'They just want to stab each other' – Newcastle-born ex-con details brutal time in Spanish jail

Chet progressed from sourcing steroids from his mates at the gym to becoming a full-blown drug smuggler
-Credit: (Image: chetsandhu666/Instagram)


A former Newcatle club doorman who became an international drug trafficker has shared his harrowing experience of being banged up in a Spanish prison, after being caught with a large stash of sleeping pills.

Speaking on the Criminal Connection podcast, Newcastle-born Chet Sandhu detailed how Spain's justice system leaves even minor offenders with nothing to lose. He said: "There's no such thing there as concurrent sentences, so if you do 15 burglaries they say 'OK one year here, two years there, one year here and they add them all up so there's people doing 25 years for house crawling".

The lengthy sentences mean that inmates stop worrying about their own safety. "Once they're inside they share needles, the sentences are that big, they've all got HIV and they're all walking around with tools, it's totally different there... they all just want to stab each other," Chet claimed.
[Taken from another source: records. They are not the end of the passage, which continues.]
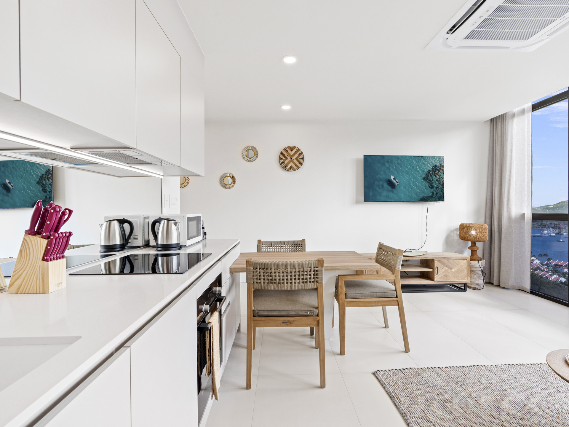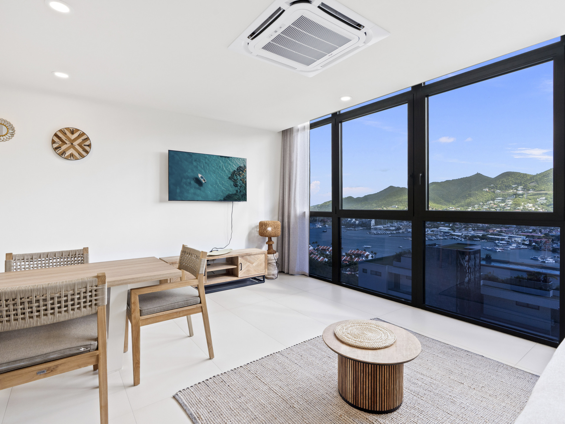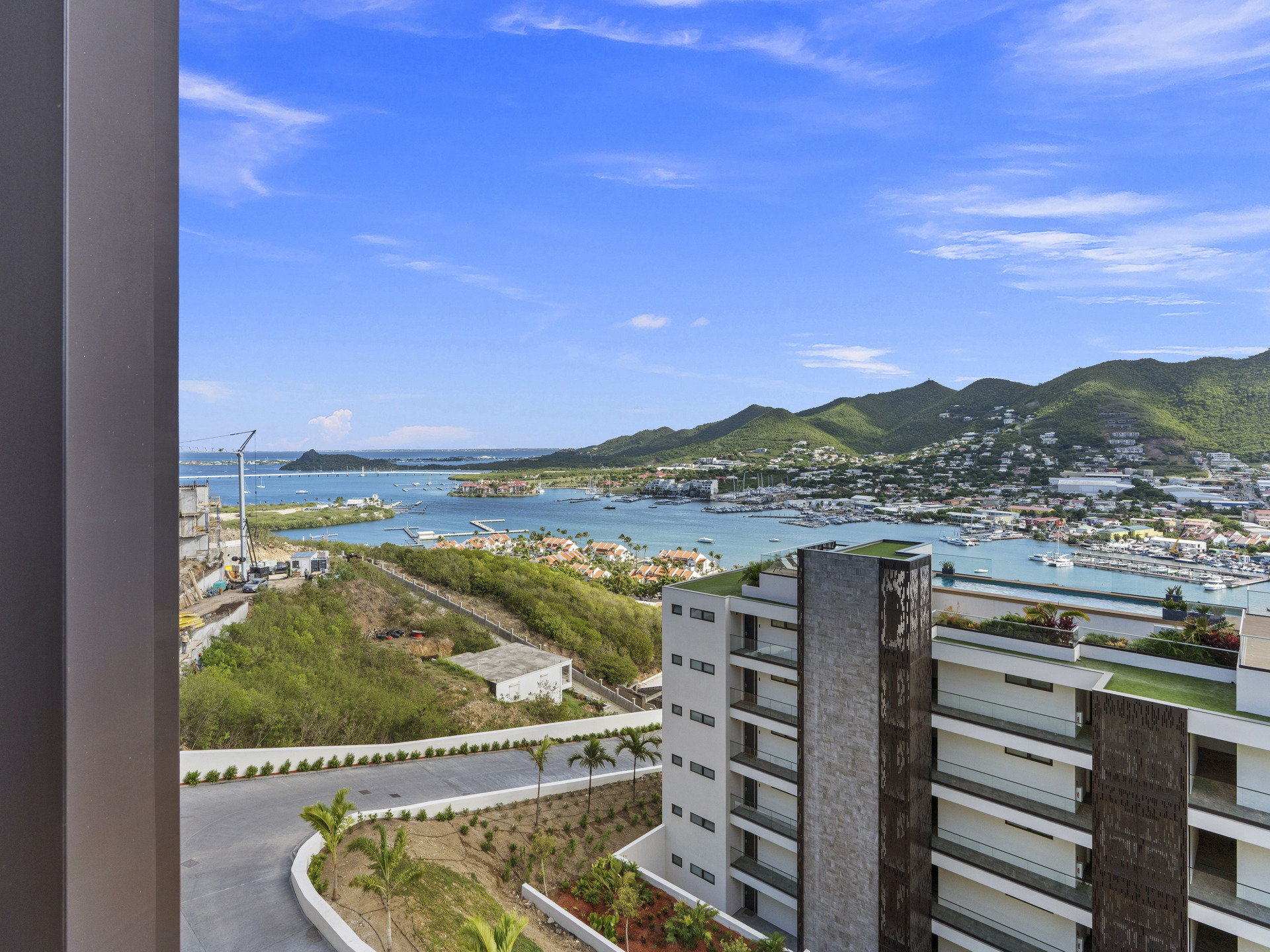 Perched on the 3rd floor of Building 4, this sophisticated home offers spectacular views of the ocean, Anguilla, the lagoon, and the lush surrounding mountains, creating a serene and luxurious living experience.
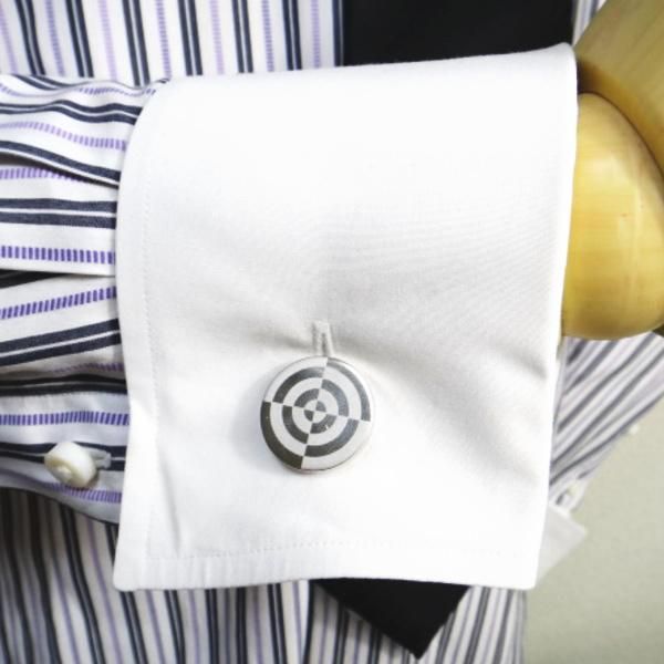 ハイセンスな魅力!レザーターゲットのシルバーカフス(カフリンクス/カフスボタン)
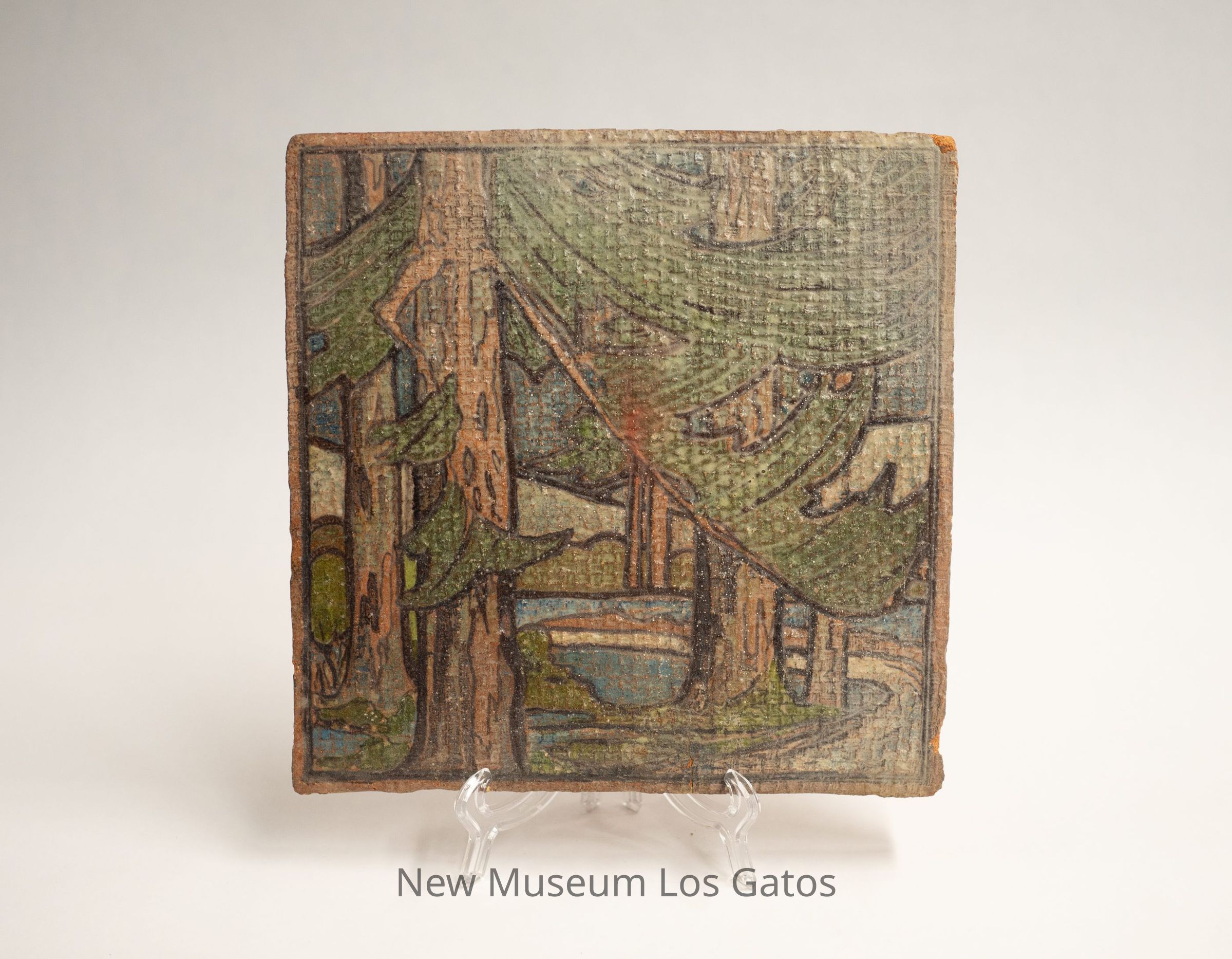 A large square, decorative tile. The tile itself is red/terracotta in color, and features a redwoods scene on its face. The design consists of four redwood trees, with water, a road, and hills scattered throughout.Collection
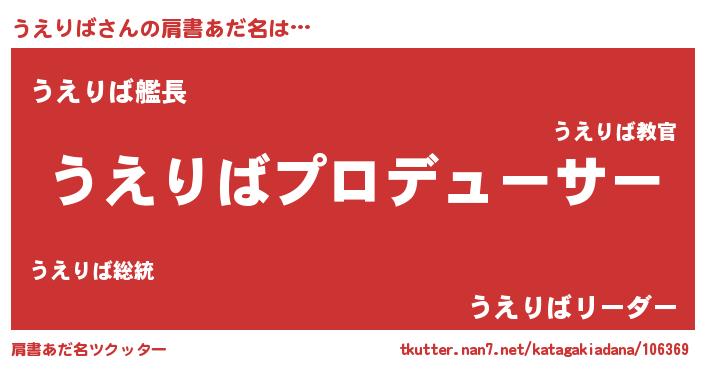 | 男性向けラノベタイトル風あだ名 | 『うえりばに滅ぼされるだけの簡単なお仕事です』 |
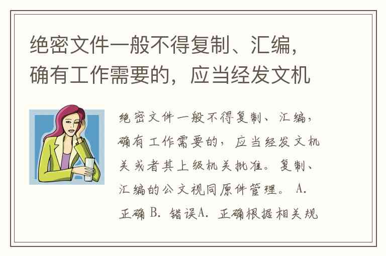 绝密文件一般不得复制、汇编,确有工作需要的,应当经发文机关或者其上级机关批准。复制、汇编的公文视同原件管理。 A. 正确 B. 错误
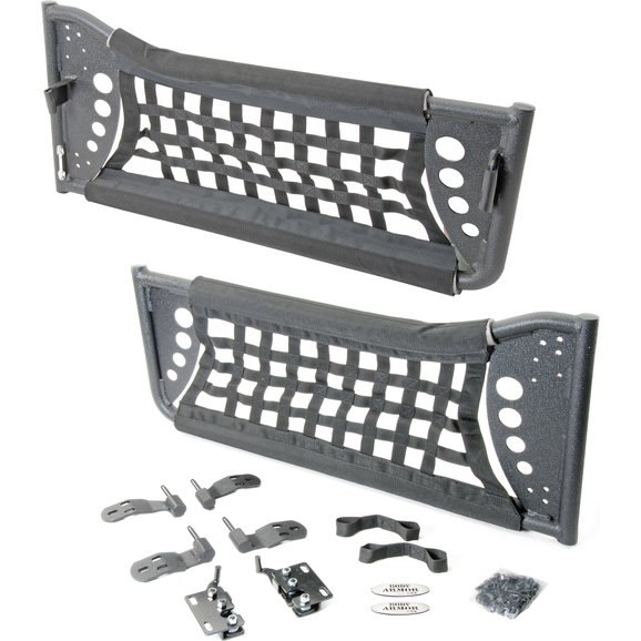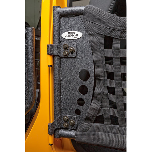 The New Body Armor Trail Doors are a Steel tube construction with durable black textured powder coat finish. Featuring an Exclusive hidden internal latch mechanism designed for secure closure. Steel plate gussets for style and strength. Simple installation, just take your factory doors off and slide the trail doors into the factory hinge, No need to modify the latch post. Complete with strong 1" wide, 1/8" thick woven nylon web door inserts for added protection from trail debris, comes with additional padding for comfort. Will Not accept OE Mirrors
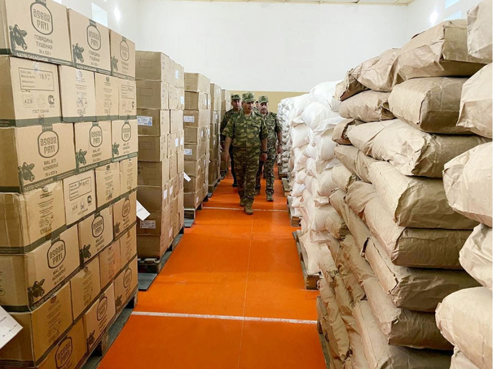 Bundan başqa Müdafiə nazirinə işğaldan azad edilmiş ərazilərimizdə ərzaq və əşya əmlakı anbarlarının tikintisinin davam etdirilməsi barədə məruzə edilib.
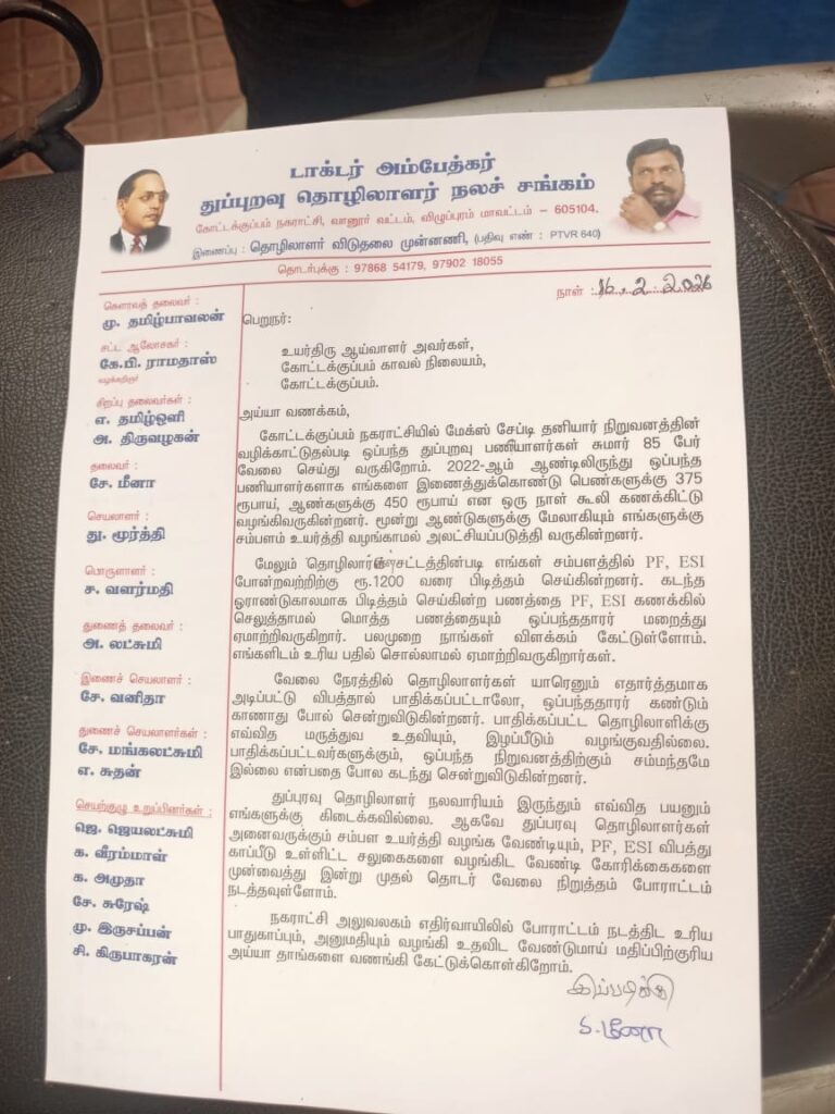 பி.எஃப், இ.எஸ்.ஐ முறைகேடு புகார்: கோட்டக்குப்பத்தில் தூய்மைப் பணியாளர்கள் தொடர் வேலைநிறுத்தம் – சுகாதார சீர்கேடு அபாயம்!
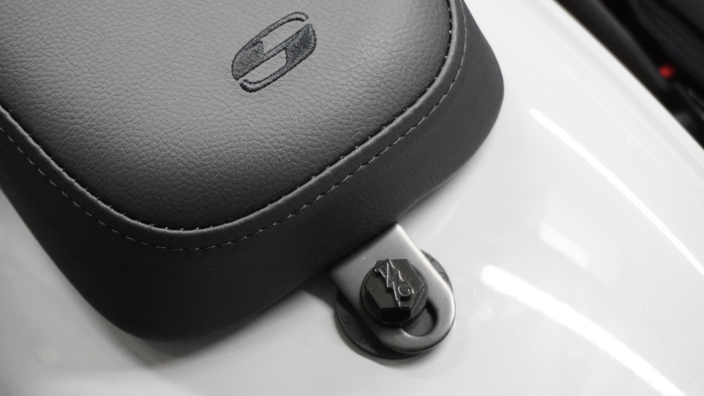 今回、シート固定には別売のTSCシートボルトを使用。ブラックの他に、ゴールド・レッド・クロムもラインナップされており、差し色としても楽しめます。小さなパーツながらシートまわりの印象を左右する存在感があります。
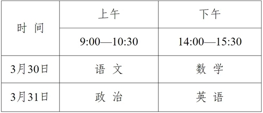 體育單招文化考試科目為語文、數學、政治、英語四科,每科滿分為150分,四科滿分為600分,使用國家通用語言文字作答?荚嚂r間為:
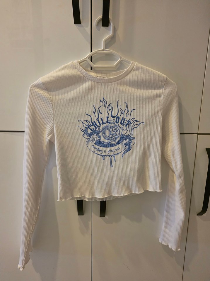 Beyaz, pamuklu, örme kumaştan uzun kollu, baskılı ve bisiklet yaka crop top. Sokak stiline uygun, vücuda oturan kesim.
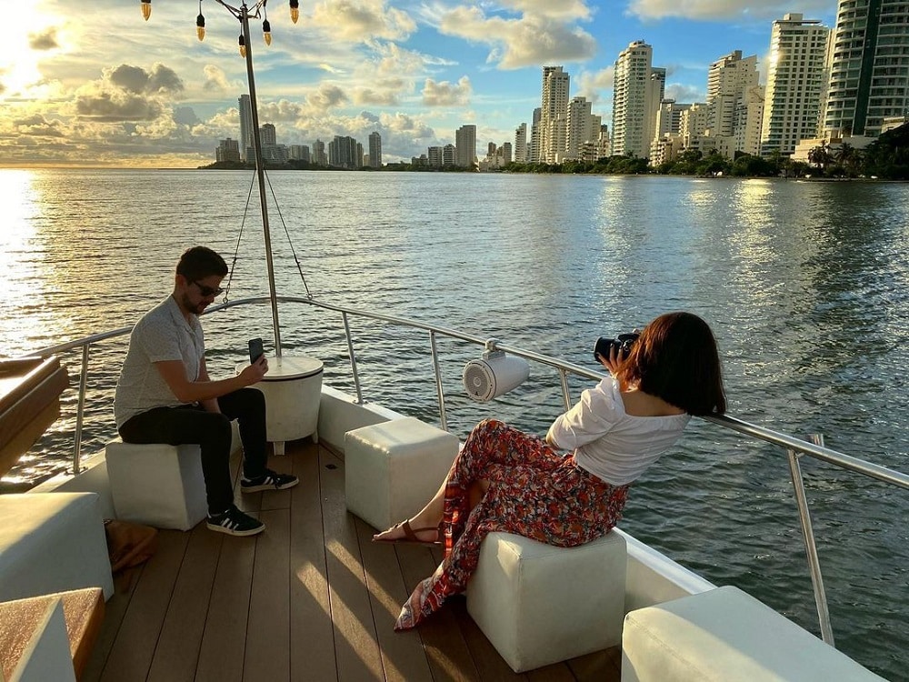 Durante este recorrido, navegamos frente al imponente skyline de Bocagrande, el Centro Histórico y los fuertes coloniales mientras el cielo se tiñe de tonos dorados, naranjas y rosados. Esta experiencia es perfecta para parejas, familias, grupos de amigos o viajeros que desean vivir un momento mágico en el Caribe.
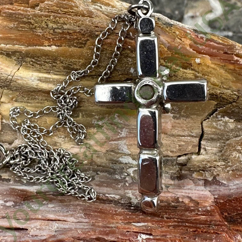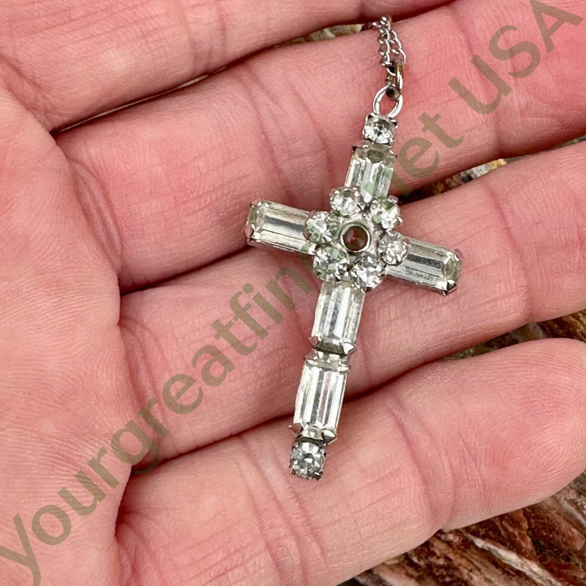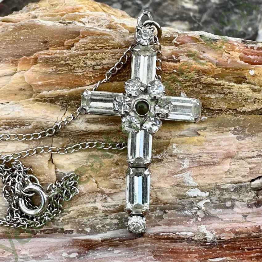 Vintage silver (not sterling) rhinestone paste necklace. The cross is a stanhope with a viewfinder at the center that shows you a miniature version of the Lord's prayer. Cross is 1 1/2" tall and the chain is 14" lng. Weight: 4.6 grams.
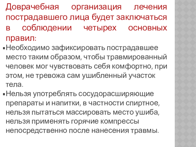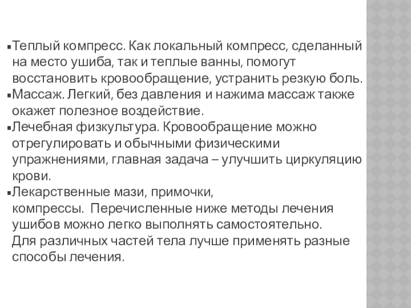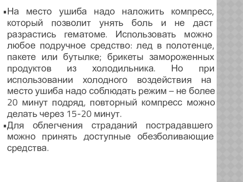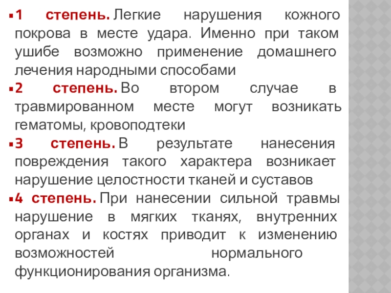 Проявляются симптомы ушиба в виде болевых ощущений в пострадавшем месте, проявлении кровоподтеков и вспухания места травмы.
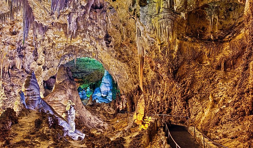 カールズバッド洞窟国立公園には、既知の洞窟が 119 以上あります。これらの洞窟は主に硫酸によって周囲の石灰岩が地下で溶解されて形成されています。目玉はもちろんカールズバッド洞窟そのもので、その中には北米最大の単一の洞窟部屋であるビッグ ルームがあり、その長さは約 4,000 フィート、最も高い部分の高さは 255 フィートです。
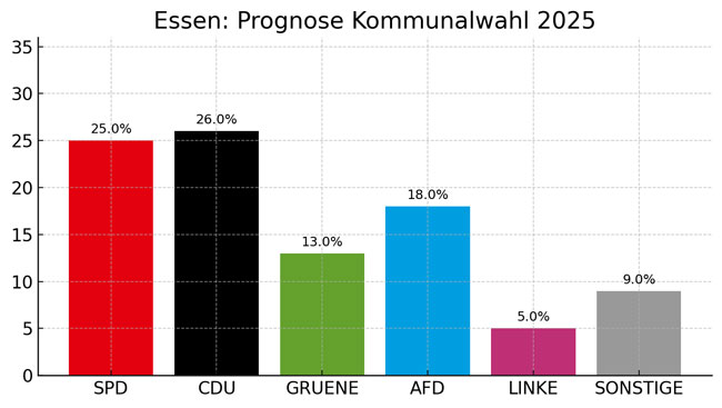 19.38 Uhr: In Essen verliert nicht nur Oberbürgermeister Thomas Kufen stark, auch die CDU-Ratsfraktion muss voraussichtlich deutliche Verluste hinnehmen. Nach Auszählung von 135 der 428 Stimmbezirke bei der Ratswahl kommt die CDU auf 26,8 Prozent, auch hier liefern sich SPD und AfD ein Kopf-an-Kopf-Rennen um Platz 2 mit jeweils um die 21. Prozent. Die Grünen kommen auf 11 Prozent. Vor fünf Jahren sah das Ergebnis so aus: CDU 34,4 Prozent, SPD 24,2 Prozent, Grüne 18,6 Prozent. Großer Gewinner ist die AfD, die ihren Stimmenanteil in Essen gegenüber 2020 diesmal mehr als verdreifachen kann.
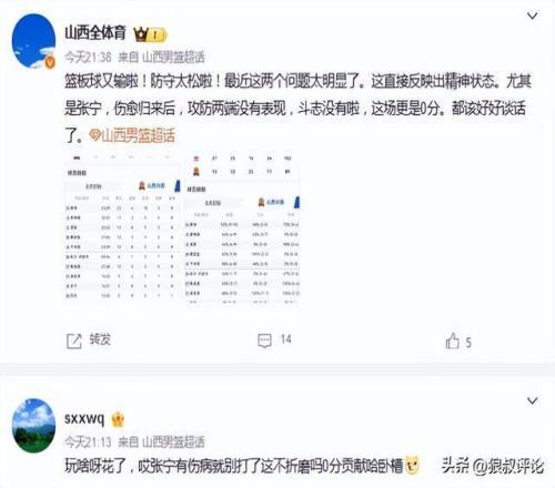 媒體人“山西全體育”發(fā)文點(diǎn)評(píng)說(shuō)道:籃板球又輸啦!防守太松啦!最近這兩個(gè)問(wèn)題太明顯了。這直接反映出精神狀態(tài)。尤其是張寧,傷愈歸來(lái)后,攻防兩端沒(méi)有表現(xiàn),斗志沒(méi)有啦,這場(chǎng)更是0分。都該好好談話(huà)了。

With huge amounts of blood spilled in cell block scraps, he wrongly became convinced that he must have contacted HIV. “I had loads of fights. I’ve got scars in my hands from hitting these freaks… I had their blood on me, I thought I had HIV. I was convinced I did. In the end I would be sharing joints with them, drinking, everything with them because I thought I had it.

But, as the National AIDS Trust points out, there has never been a case of HIV being transmitted from a discarded needle, so Chet's fears were unfounded.

Chet revealed how he transitioned from selling steroids to acquaintances at the gym to smuggling large amounts of valium purchasing it cheaply in Pakistan and bribing Karachi airport security with adult magazines to ignore the thousands of pills packed into his luggage.

"I paid them off with porno mags... in that country you can't get them that's like gold dust. That was the first time they've ever seen a naked white woman. There's no internet there; Saudi, Afghanistan, all those places you can't obtain [porn].", reports the Mirror.

However, Chet found the journey more challenging once he landed in the UK. He began to reroute his travels through various European airports to throw off any suspicion.

But eventually, he was caught red-handed at Alicante airport trying to smuggle a suitcase full of drugs. He revealed: "It was the biggest seizure of pharmaceutical drugs in Spanish history - a quarter of a million pills."

After being busted, Chet spent three years in a Spanish prison before being extradited back to the UK in 2002, where he served another six and a half years behind bars.

Comparing his experiences, he stated there's "no comparison" between British and Spanish prisons, adding: "It's totally different, there's no health and safety there."

In Spanish prisons, inmates from a variety of nationalities mix, with UK criminals often finding themselves alongside Central American cartel leaders. There's a strict hierarchy based on nationality: "The Spanish are top, white Europeans next, and South Americans third," Chet said.

He recalled one incident where a massive riot broke out after a German prisoner, who had been jailed for kidnapping, drop-kicked a Spanish cocaine mule. Chet intervened, hitting the German who "didn't want to know," about fighting him – but then chaos ensued.

"He didn't want to know with me and then I walked away but all the other Spanish lads didn't like what he did so then there was a massive riot in the f*****g yard," Chet recounted.

"The Russians and the Germans stood together, the Spanish and the gypsies just turned on them and the Algerians and Moroccans kept out of it. It was more of a Spanish and German thing."

Since 2002, Chet has decided to change his life for the better. He quit smuggling and dealing drugs, and has since penned two books about his experiences.